Vaishali Made (born 21 August 1984) is an Indian singer and winner of Zee TV's reality series, Sa Re Ga Ma Pa Challenge 2009. She sings primarily in Marathi language.

Originally from Hinganghat in Vidarbha, Maharashtra, Mhade is married to Anant Mhade in hinganghat, and the mother of a girl, Aastha Mhade. She is a contestant in the reality show Bigg Boss Marathi in 2019.

Sa Re Ga Ma Pa Challenge 2009
Vaishali Mhade made it to the top 3 in Zee TV's Sa Re Ga Ma Pa Challenge 2009 with Soumen Nandi and Yashita Yashpal Sharma and because of her huge fan following across India she won the Sa Re Ga Ma Pa Challenge 2009, along with a Rs 50-lakh music contract with Zee TV, a Hyundai i10 car and a LCD TV. Mhade was placed in Himesh Reshammiya's "Rock Gharana" and throughout her entire journey in Sa Re Ga Ma Pa Challenge 2009, she proved herself to be a versatile, conventional and consistent singer. In addition, she also won the Marathi version of Sa Re Ga Ma Pa in 2008.

Career
Vaishali sung a title track for the Marathi daily soap, 'Kulvadhu', a popular show aired on Zee Marathi.

Vaishali has also sung for Shridhar Phadke in his album Sangeet Manmohee Re.

At the 2009 Nagpur International Marathon she was a special invitee along with Olympics gold medalist Abhinav Bindra.

She made her Bollywood singing debut with the song Hum Tum in the movie Damadamm! (2011). It was a duet track between Mhade and Himesh Reshammiya.

She sang at Lord Buddha live T.V. show.

She has recently given playback for the duet song "Pinga" along with Shreya Ghoshal for the movie Bajirao Mastani. The song features Deepika Padukone and Priyanka Chopra. She has also lent her voice for 'Fitoori' in the same film. The movie is produced by Sanjay Leela Bhansali and was released on 19 December 2015.

Vaishali sung a title track for the Marathi daily soap, 'Honar Sun Me Ya Gharchi', a popular show aired on Zee Marathi.

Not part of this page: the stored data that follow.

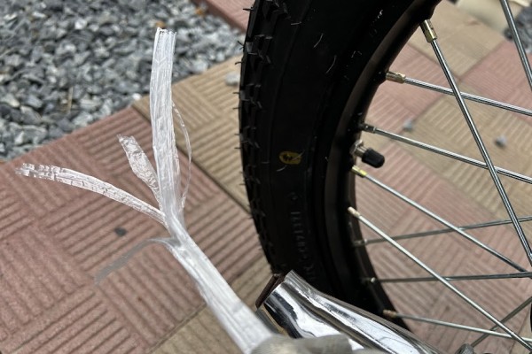 情報量はゼロ。でも、あまりの嬉しさにシャッターを切っていました。自分の記録用に撮った、排気になびくビニール紐の写真です。ついに、このカブが息を吹き返したんだと実感した瞬間でした。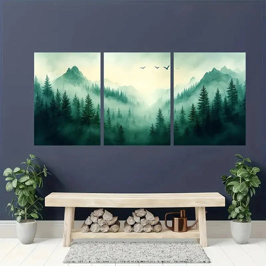 3pcs Pine Tree Forest Watercolor Landscape Art Metal Print Ready to Hang Art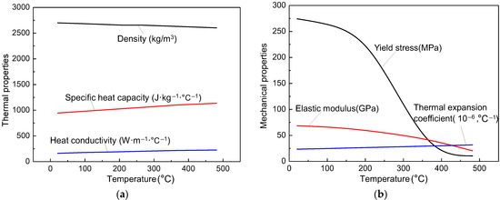 Simultaneously, according to the relative parameters in [33], the variation curve for the thermal and mechanical characteristics of Al6061-T6 depending on the temperature is shown in Figure 2. To obtain the temperature variation of the welding and cooling process using ABAQUS, the Stefan−Boltzmann constant and the convective heat transfer coefficient were set as 5.68 × 10−8 and 80 J/(m2·s·°C), respectively. Simultaneously, the latent heat was 3.9 × 105 J/kg, and the solidus temperature and liquidus temperature were, respectively, 585 °C and 659 °C. In addition, Poisson’s ratio is always 0.33 with temperature.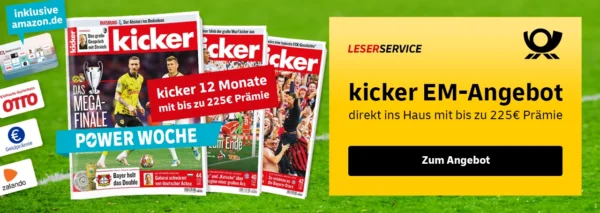 Beim LeserService der Deutschen Post erhaltet ihr als EM-Angebot bis einschließlich 10. Juni, 12 Uhr das kicker Jahresabo für 330,40€ + bis zu 225€ Prämie. 🙂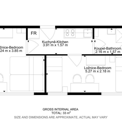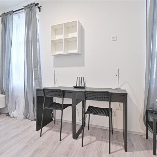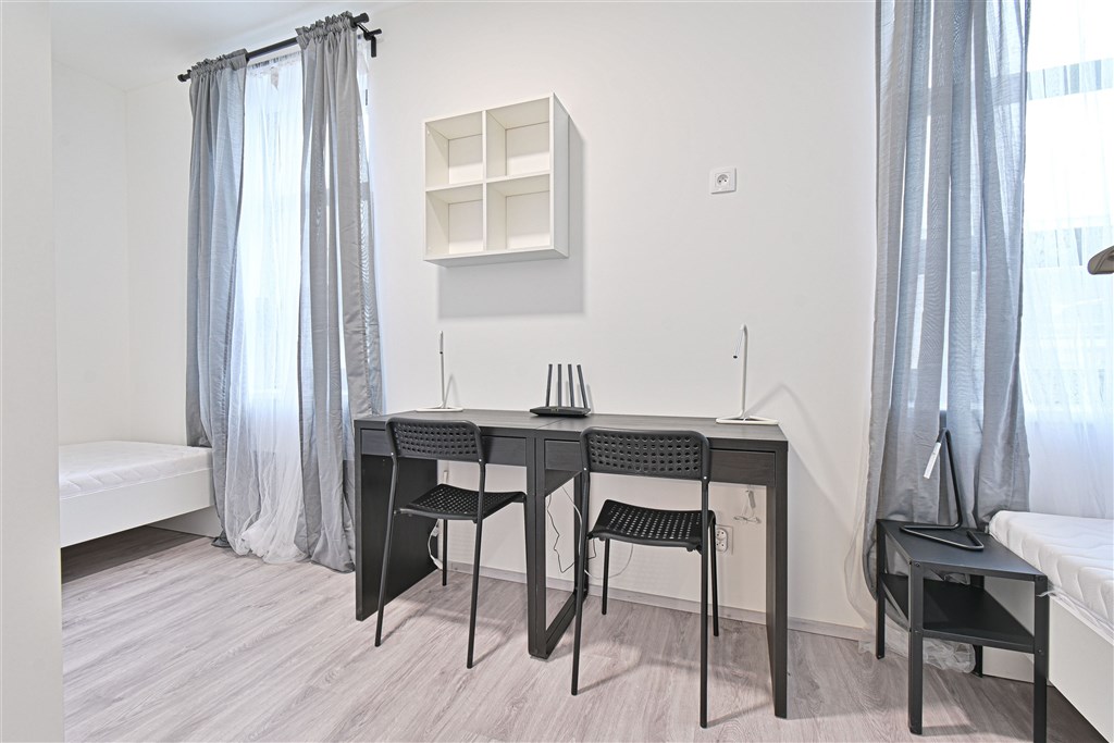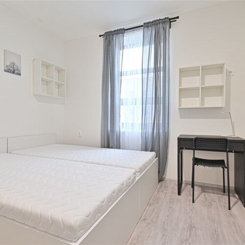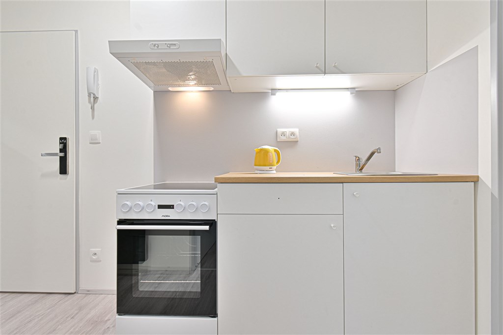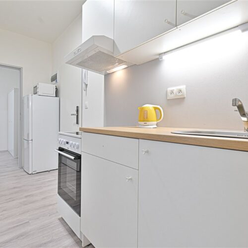 Bytová jednotka 2+1 je plně vybavena pro každodenní bydlení. Při vstupu do bytové jednotky se nachází moderní kuchyně včetně lednice, sporáku s troubou, mikrovlnné trouby, rychlovarné konvice, digestoře a dřezu. Zároveň v kuchyni naleznete jídelní stůl se židlemi. Bytové jednotce imponují dva neprůchozí pokoje, kdy v každém pokoji naleznete dvě prostorné postele s pohodlnou matrací, noční stolek s lampičkou, pracovní stůl s úložným prostorem a prostornou skříň. Koupelna nabízí sprchový kout, záchod a umyvadlo se zrcadlem. K dispozici je příprava pro připojení vlastní pračky.

Vaishali sung a title track for the Marathi daily soap, 'Mazya Navryachi Baayko', a popular show aired on Zee Marathi. Recently she lend her voice in movie Kalank along with Shreya Ghoshal in song 'Ghar More Pardesiya'

Sur Nava Dhyas Nava

Vaishali was one of the Celebrity participants of this Marathi singing Reality Show. She quit the show on 21 February 2018 telecast to pursue PHD and MPhil.

Television

Awards
Damani – Patel Award also known as The Karmayogi Award along with Madhu Mangesh Karnik and Chandu Borde.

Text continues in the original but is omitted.